As is clear from these results, the crush strength of 30 kg or more, which is already required for transport, was obtained 20 minutes after the molding and the DI strength of 80% was obtained. In addition, the DI strength reaches the upper limit value one hour after the molding, and does not substantially increase further. As described above, in this embodiment, it is possible to obtain a strong agglomerated ore without requiring long-term curing time and installation of auxiliary equipment required for rapid curing.

[0027]

According to the method of the present invention, compared with the conventional method,
The curing time is shortened, the curing space is also saved, and it is possible to agglomerate sinter return ore, sintered sieving powder, dust, etc. without using many auxiliary equipment required for shortening the curing time. .

[0028] Further, since the raw material which was originally subjected to the cyclic reprocessing and re-firing such as the sintered reclaimed mineral powder, the sintered undersize powder, and the dust can be agglomerated and used as a raw material for the blast furnace, etc. It is possible to reduce the binding cost and various basic units, the sintering equipment cost, and the maintenance cost. In addition, ripple effects such as effective use of resources and contribution to environmental conservation can be brought about.

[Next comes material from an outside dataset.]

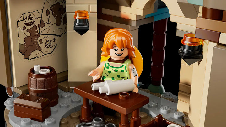 - LEGO® anime minifigures – The set comes with minifigures of Luffy, who comes with arm-lengthening elements, Nami, Usopp, Arlong and Chu

[Brief description of drawings]

FIG. 1 is a process flow diagram showing a method for producing a non-fired agglomerated ore according to an embodiment of the present invention.

FIG. 2 is a structural conceptual diagram of an agglomerate produced by the method of the present invention.

FIG. 3 is a characteristic diagram showing a relationship between viscosity and temperature of various binder materials.

FIG. 4 is a graph showing the crush strength of a product in each example of the method of the present invention.

FIG. 5 is a graph showing the crush strength of a product in each example of the method of the present invention.

FIG. 6 is a graph showing the drum strength (Dl) of the product in each example of the method of the present invention.

FIG. 7 is a graph showing the drum strength (Dl) of the product in each example of the method of the present invention.

FIG. 8 is a process flow diagram for explaining a conventional sinter production process.

[Explanation of symbols]

31, 32, 33, 36, 43 ... Blending tank, 34, 35 ...
Mixer, 37 ... Mixer, 38 ... Binder addition equipment, 4
0 ... Molding machine, 41 ... Product tank, 42 ... Shaking sieve

 ─────────────────────────────────────────────────── ─── Continuation of the front page (72) Masanori Nagano 1-2-1, Marunouchi, Chiyoda-ku, Tokyo Nihon Steel Pipe Co., Ltd. (72) 1-2-1 Marunouchi, Chiyoda-ku, Tokyo No. Nippon Steel Pipe Co., Ltd. (72) Inventor Kazumasa Wakimoto 1-2-2 Marunouchi, Chiyoda-ku, Tokyo Nihon Steel Pipe Co., Ltd. (72) Atsushi Sakai 1-2-1 Marunouchi, Chiyoda-ku, Tokyo Nihon Steel Pipe Co., Ltd. (72) Inventor Kenichi Nemoto 1-2-2 Marunouchi, Chiyoda-ku, Tokyo Nihon Steel Pipe Co., Ltd. (72) Inventor Tomio Kamoshida 1-2-1, Marunouchi, Chiyoda-ku, Tokyo Japan Inside the Steel Pipe Co., Ltd. (72) Minor Ueda Minoru Ueda 429, Shinjo-dori Shijo-Kamikanatancho, Shinmachi-dori, Nakagyo-ku, Kyoto Prefecture Keihan Co., Ltd. (72) Inventor Kiyoshi Omizo Cabinet Office Kyoto Nakagyo-ku Shinmachidori Shijo Agaru Komusubidana-cho, 429 address, Inc. in the Keihan

Claims (2)

[Claims] 1. A mixed powder of 1 or 2 kinds of sinter reclaimed or sintered sieving powder (blast furnace product sieving powder, warehousing product) and dust having a finer particle size than 1 to 6 Add 1% by weight of molasses or diluent containing the above amount of molasses as a binder and knead.
A method for producing a non-calcined agglomerated ore, which comprises agglomeration as described above. 2. The non-calcined agglomerated ore according to claim 1, wherein the dust is dust containing dust containing iron components having a particle size of 0.5 mm or less, which is collected by an environmental dust collector in an iron mill. Manufacturing method.